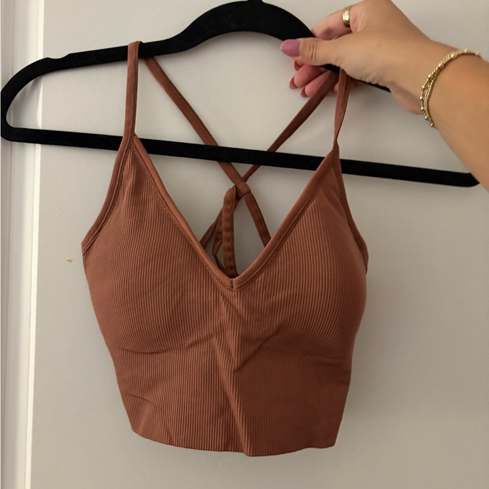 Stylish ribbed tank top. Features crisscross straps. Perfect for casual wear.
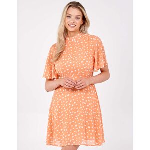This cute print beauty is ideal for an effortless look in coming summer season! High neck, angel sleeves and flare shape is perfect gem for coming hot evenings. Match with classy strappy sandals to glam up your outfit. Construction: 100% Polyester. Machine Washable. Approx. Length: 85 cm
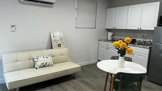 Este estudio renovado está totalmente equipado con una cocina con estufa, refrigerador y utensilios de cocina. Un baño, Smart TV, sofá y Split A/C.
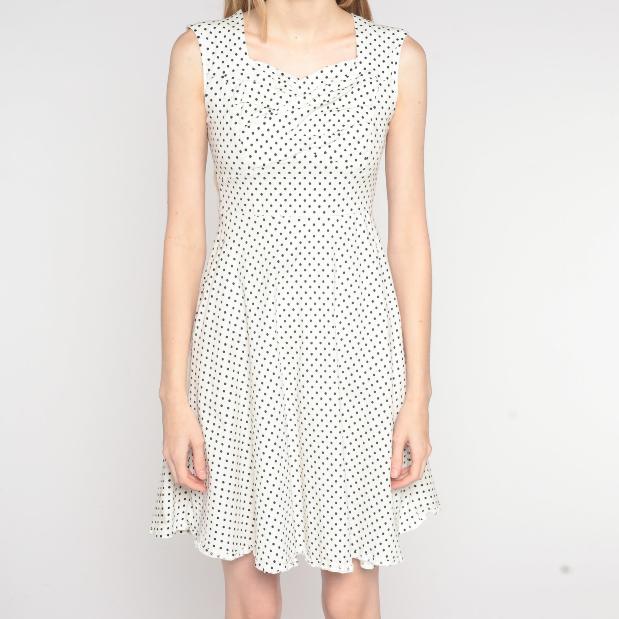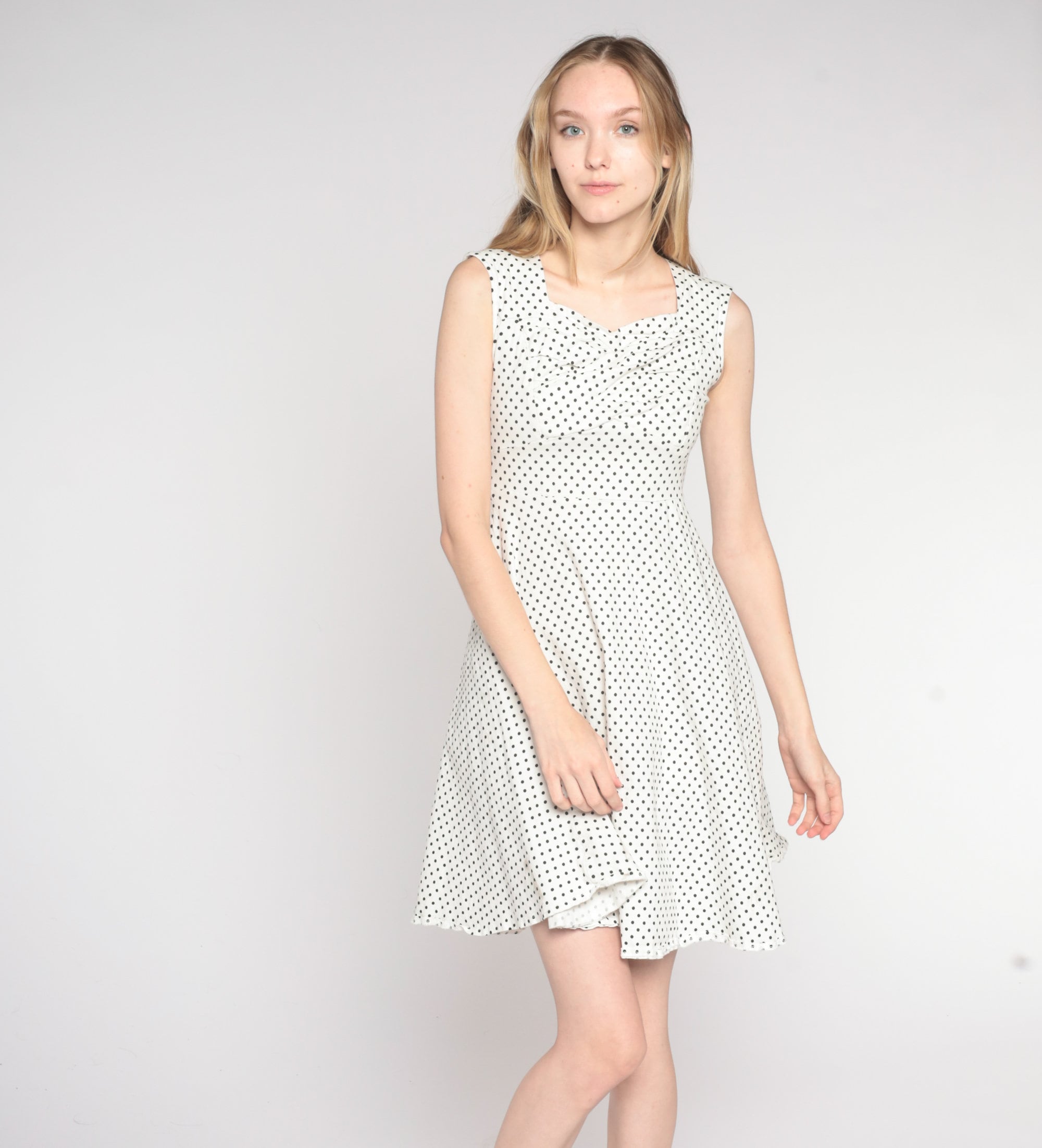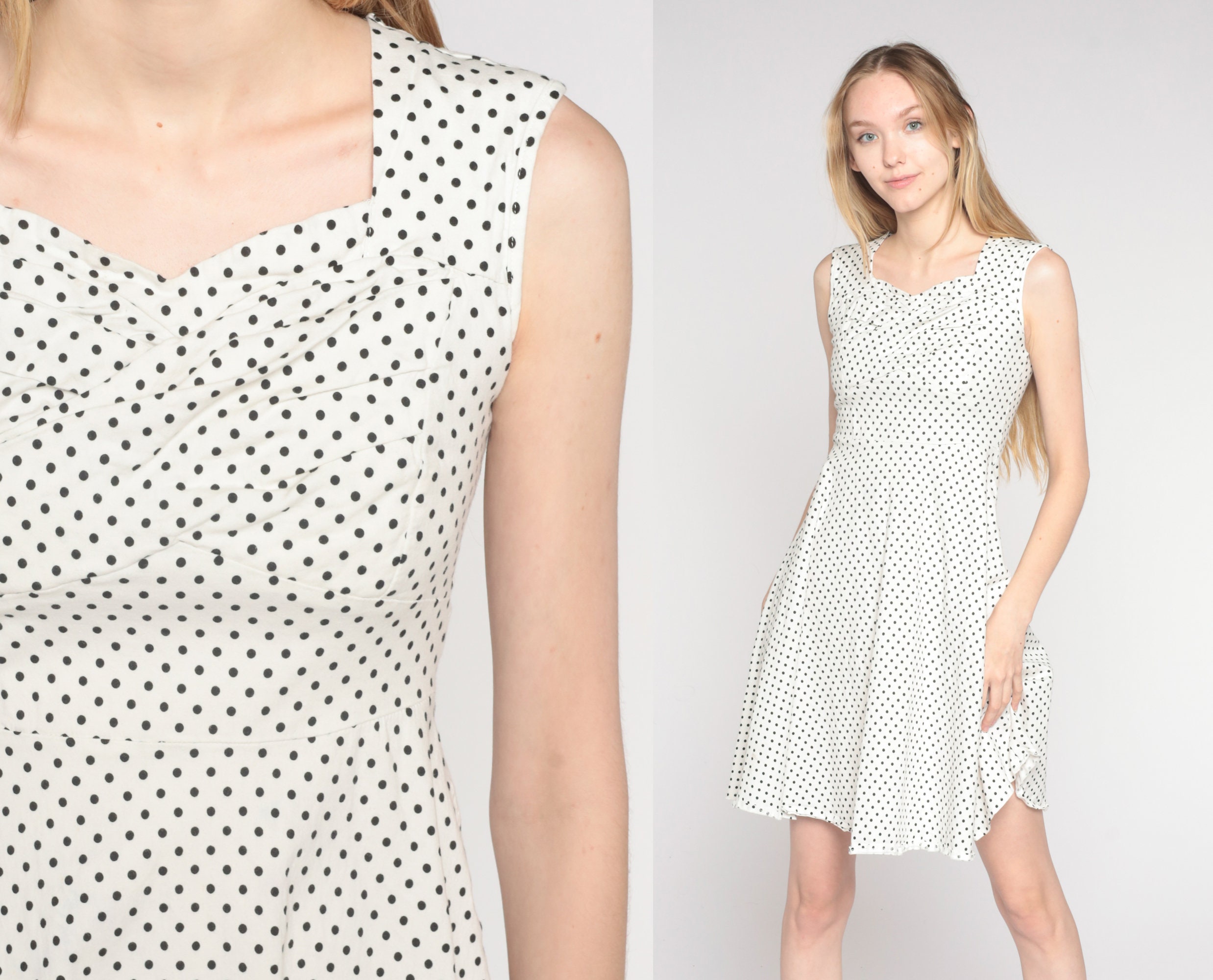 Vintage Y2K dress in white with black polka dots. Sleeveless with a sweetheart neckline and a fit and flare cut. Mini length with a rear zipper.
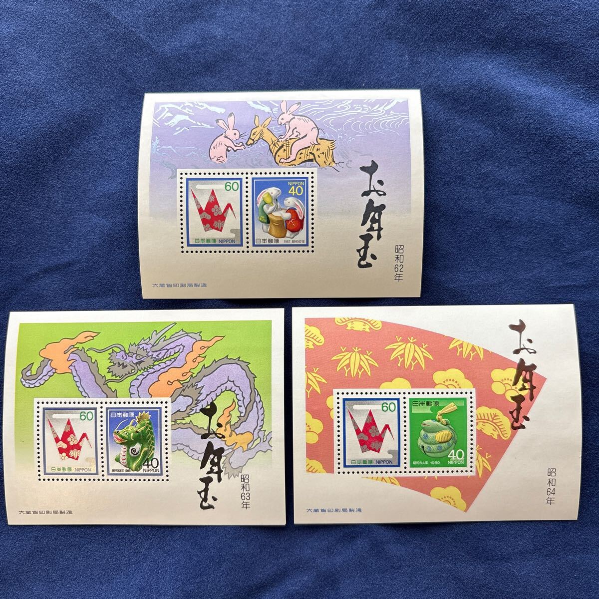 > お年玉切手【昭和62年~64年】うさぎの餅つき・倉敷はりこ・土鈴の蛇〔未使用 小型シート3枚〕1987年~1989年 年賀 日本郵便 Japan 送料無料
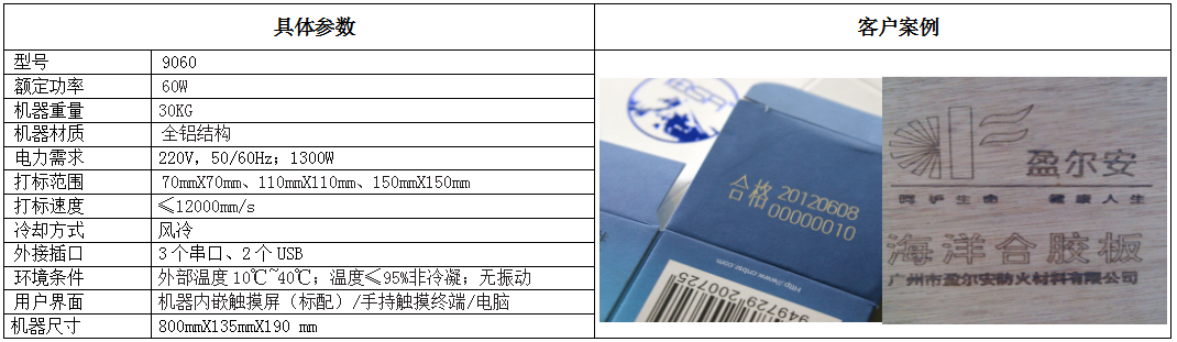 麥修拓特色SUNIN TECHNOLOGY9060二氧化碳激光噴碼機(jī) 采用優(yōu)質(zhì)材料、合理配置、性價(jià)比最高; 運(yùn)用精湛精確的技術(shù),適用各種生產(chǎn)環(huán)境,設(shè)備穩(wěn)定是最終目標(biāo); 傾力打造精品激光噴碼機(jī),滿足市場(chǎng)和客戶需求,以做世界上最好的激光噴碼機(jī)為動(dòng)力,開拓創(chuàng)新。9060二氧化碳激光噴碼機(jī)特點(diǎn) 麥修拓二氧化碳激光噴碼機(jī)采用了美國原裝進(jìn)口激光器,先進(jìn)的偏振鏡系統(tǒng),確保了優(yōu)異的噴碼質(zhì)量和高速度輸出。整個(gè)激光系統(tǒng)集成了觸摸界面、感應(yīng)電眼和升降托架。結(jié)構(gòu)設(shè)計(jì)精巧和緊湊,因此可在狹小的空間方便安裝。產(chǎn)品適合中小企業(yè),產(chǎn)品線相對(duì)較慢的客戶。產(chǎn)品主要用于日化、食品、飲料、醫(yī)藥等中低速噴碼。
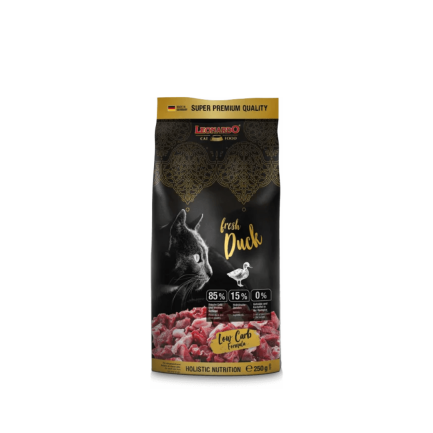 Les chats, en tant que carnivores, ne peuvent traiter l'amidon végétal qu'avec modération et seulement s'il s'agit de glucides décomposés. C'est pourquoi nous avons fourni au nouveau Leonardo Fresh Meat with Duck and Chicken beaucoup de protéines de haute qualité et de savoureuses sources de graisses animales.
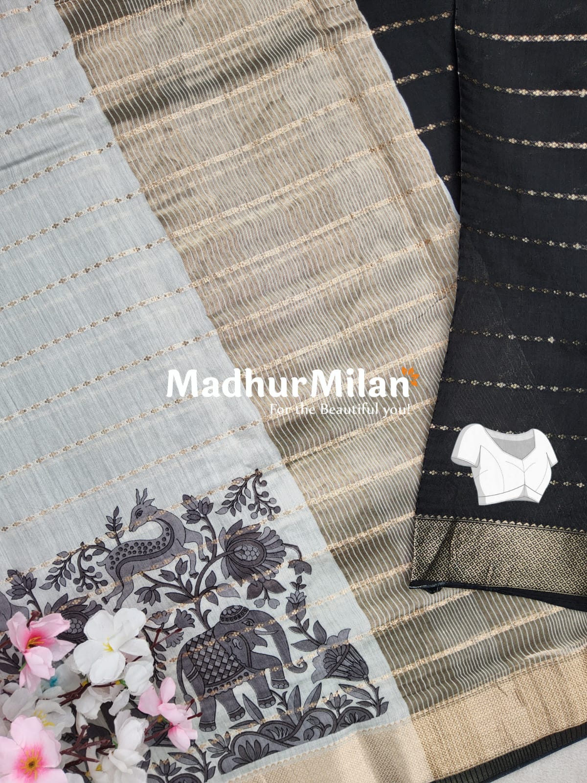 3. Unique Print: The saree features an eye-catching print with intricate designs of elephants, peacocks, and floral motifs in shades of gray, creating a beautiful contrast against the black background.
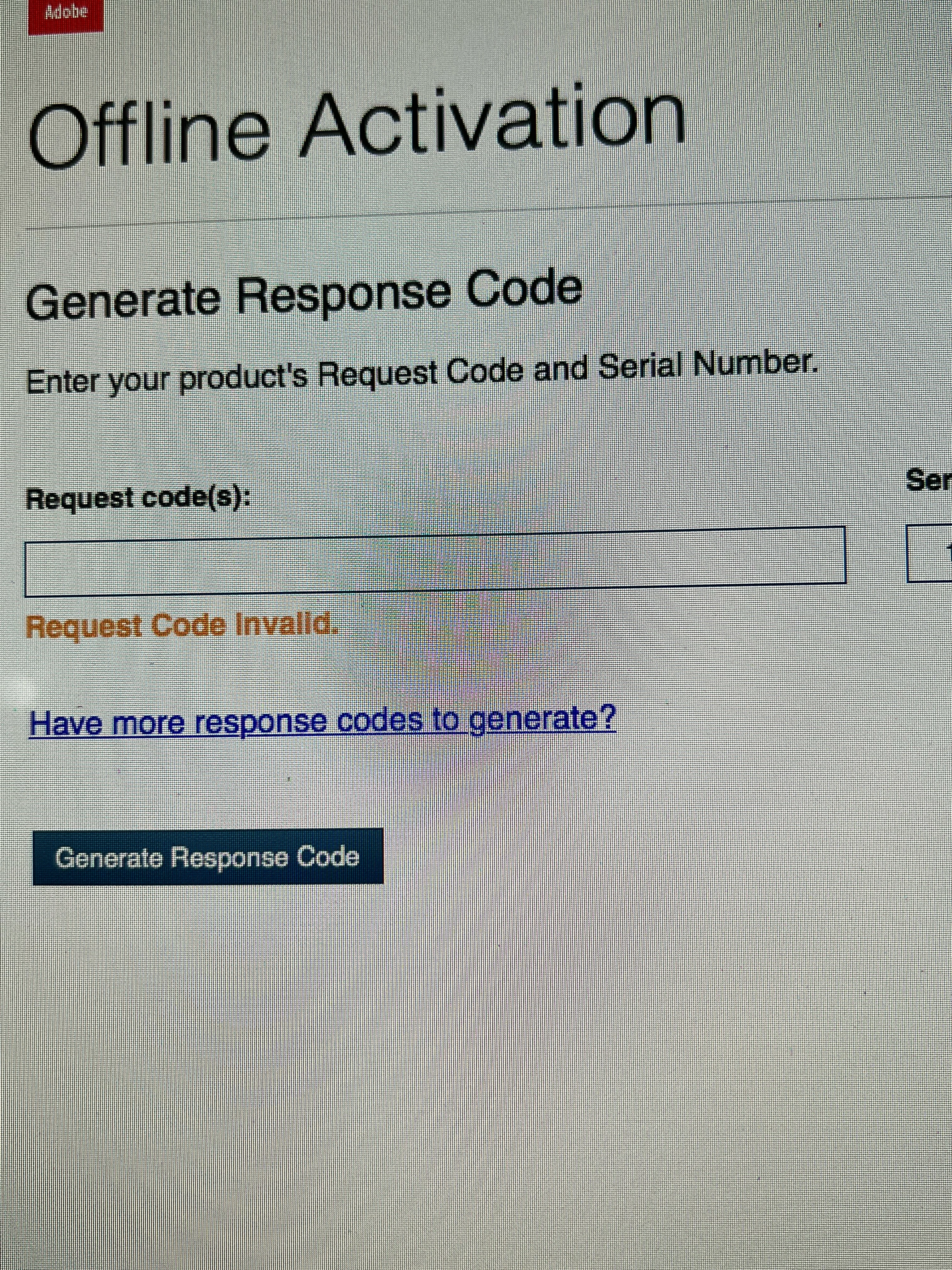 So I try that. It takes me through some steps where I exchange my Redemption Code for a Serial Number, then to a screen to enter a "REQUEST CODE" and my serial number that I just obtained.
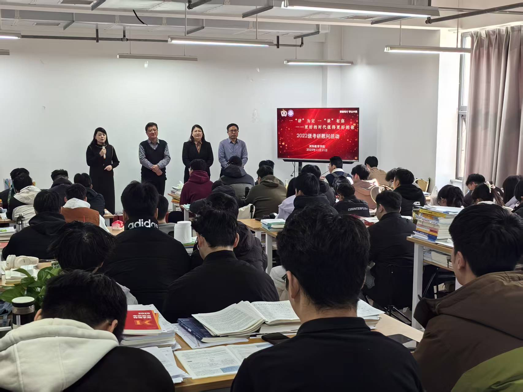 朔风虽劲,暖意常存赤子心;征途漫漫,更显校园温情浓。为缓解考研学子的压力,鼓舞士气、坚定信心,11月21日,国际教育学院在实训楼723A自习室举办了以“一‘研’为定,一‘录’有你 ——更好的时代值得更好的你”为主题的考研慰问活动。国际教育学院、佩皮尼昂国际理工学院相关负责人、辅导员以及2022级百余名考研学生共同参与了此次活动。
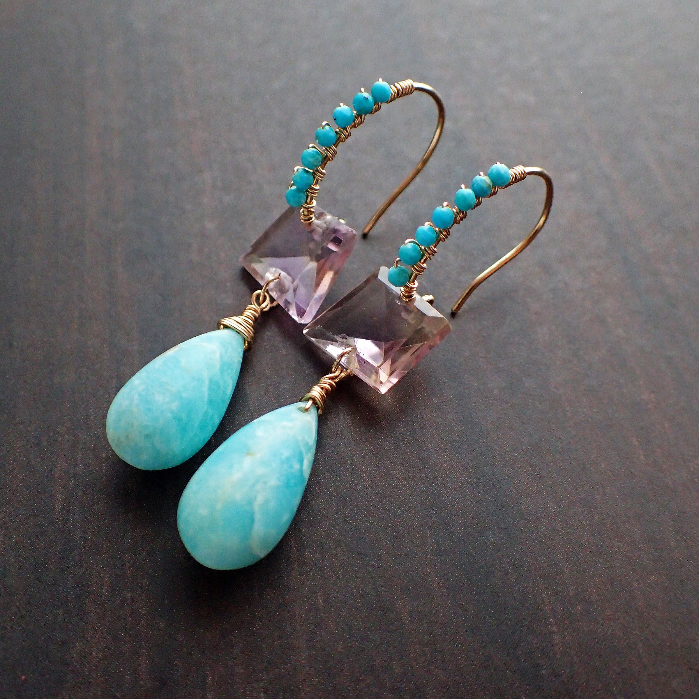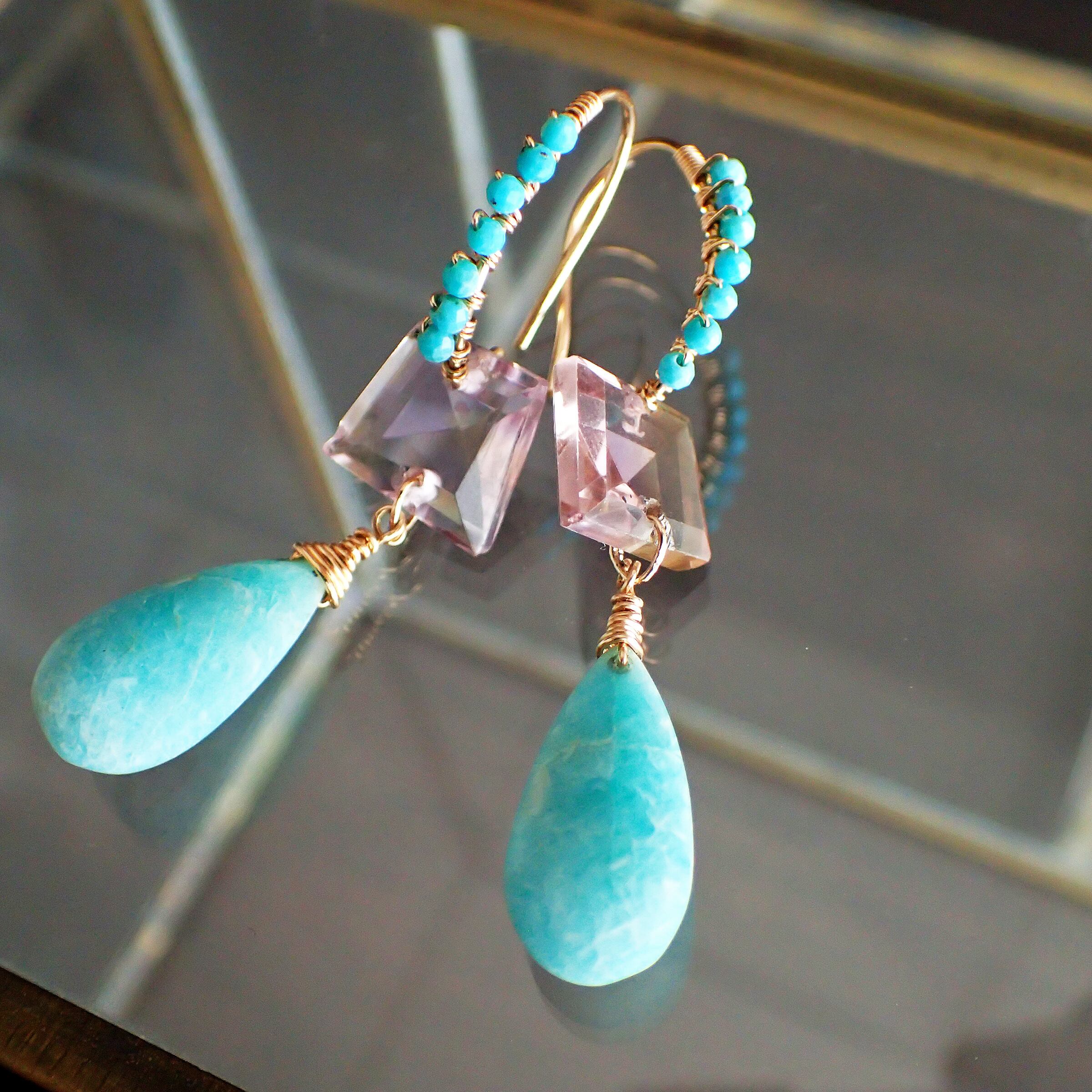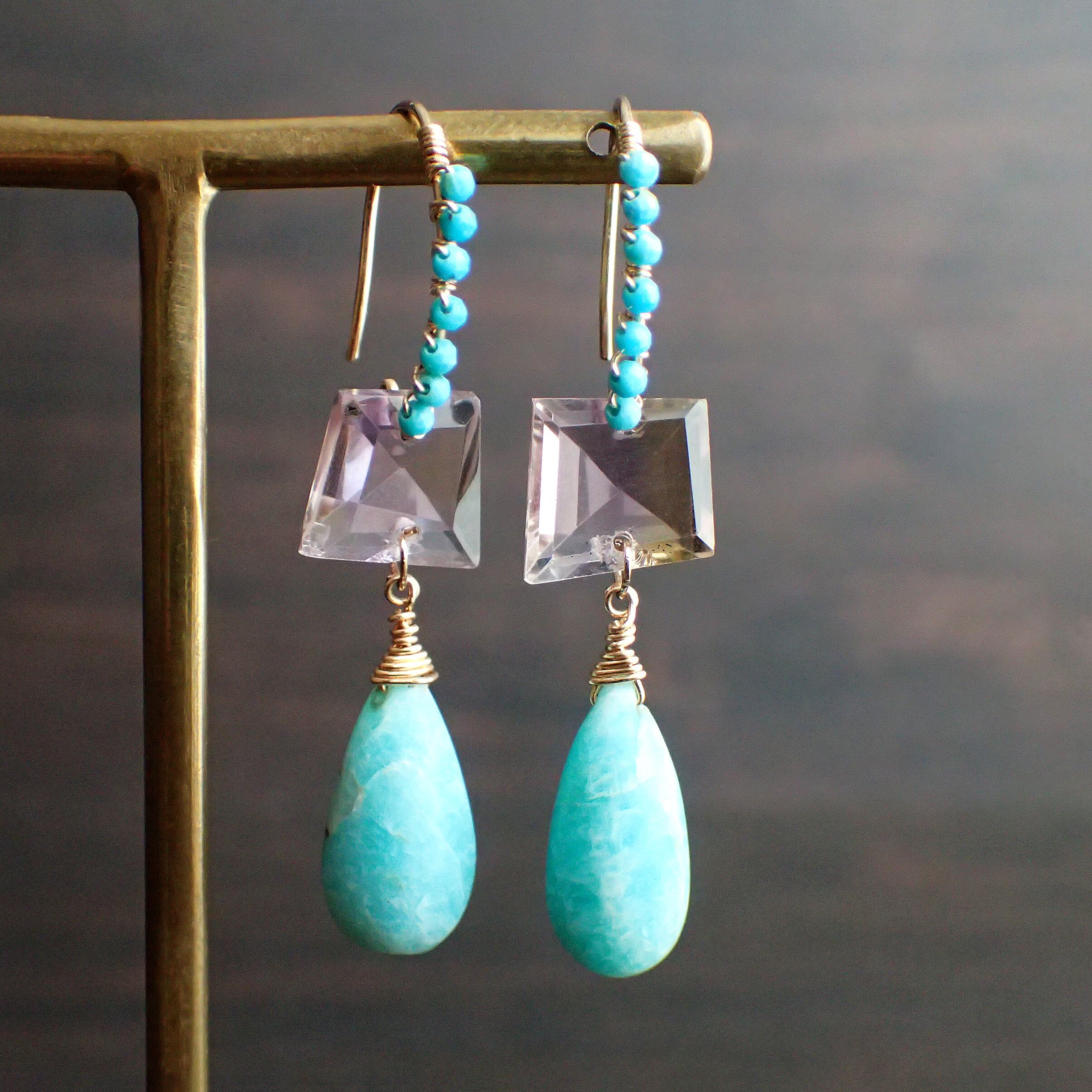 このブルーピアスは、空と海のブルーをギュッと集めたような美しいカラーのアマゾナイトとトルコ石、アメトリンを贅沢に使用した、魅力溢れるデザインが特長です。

--------

• Work task
Write the material above out again exactly. Omit every image.

• Task result
 Stylish ribbed tank top. Features crisscross straps. Perfect for casual wear.
This cute print beauty is ideal for an effortless look in coming summer season! High neck, angel sleeves and flare shape is perfect gem for coming hot evenings. Match with classy strappy sandals to glam up your outfit. Construction: 100% Polyester. Machine Washable. Approx. Length: 85 cm
 Este estudio renovado está totalmente equipado con una cocina con estufa, refrigerador y utensilios de cocina. Un baño, Smart TV, sofá y Split A/C.
 Vintage Y2K dress in white with black polka dots. Sleeveless with a sweetheart neckline and a fit and flare cut. Mini length with a rear zipper.
 > お年玉切手【昭和62年~64年】うさぎの餅つき・倉敷はりこ・土鈴の蛇〔未使用 小型シート3枚〕1987年~1989年 年賀 日本郵便 Japan 送料無料
 麥修拓特色SUNIN TECHNOLOGY9060二氧化碳激光噴碼機(jī) 采用優(yōu)質(zhì)材料、合理配置、性價(jià)比最高; 運(yùn)用精湛精確的技術(shù),適用各種生產(chǎn)環(huán)境,設(shè)備穩(wěn)定是最終目標(biāo); 傾力打造精品激光噴碼機(jī),滿足市場(chǎng)和客戶需求,以做世界上最好的激光噴碼機(jī)為動(dòng)力,開拓創(chuàng)新。9060二氧化碳激光噴碼機(jī)特點(diǎn) 麥修拓二氧化碳激光噴碼機(jī)采用了美國原裝進(jìn)口激光器,先進(jìn)的偏振鏡系統(tǒng),確保了優(yōu)異的噴碼質(zhì)量和高速度輸出。整個(gè)激光系統(tǒng)集成了觸摸界面、感應(yīng)電眼和升降托架。結(jié)構(gòu)設(shè)計(jì)精巧和緊湊,因此可在狹小的空間方便安裝。產(chǎn)品適合中小企業(yè),產(chǎn)品線相對(duì)較慢的客戶。產(chǎn)品主要用于日化、食品、飲料、醫(yī)藥等中低速噴碼。
 Les chats, en tant que carnivores, ne peuvent traiter l'amidon végétal qu'avec modération et seulement s'il s'agit de glucides décomposés. C'est pourquoi nous avons fourni au nouveau Leonardo Fresh Meat with Duck and Chicken beaucoup de protéines de haute qualité et de savoureuses sources de graisses animales.
 3. Unique Print: The saree features an eye-catching print with intricate designs of elephants, peacocks, and floral motifs in shades of gray, creating a beautiful contrast against the black background.
 So I try that. It takes me through some steps where I exchange my Redemption Code for a Serial Number, then to a screen to enter a "REQUEST CODE" and my serial number that I just obtained.
 朔风虽劲,暖意常存赤子心;征途漫漫,更显校园温情浓。为缓解考研学子的压力,鼓舞士气、坚定信心,11月21日,国际教育学院在实训楼723A自习室举办了以“一‘研’为定,一‘录’有你 ——更好的时代值得更好的你”为主题的考研慰问活动。国际教育学院、佩皮尼昂国际理工学院相关负责人、辅导员以及2022级百余名考研学生共同参与了此次活动。
 このブルーピアスは、空と海のブルーをギュッと集めたような美しいカラーのアマゾナイトとトルコ石、アメトリンを贅沢に使用した、魅力溢れるデザインが特長です。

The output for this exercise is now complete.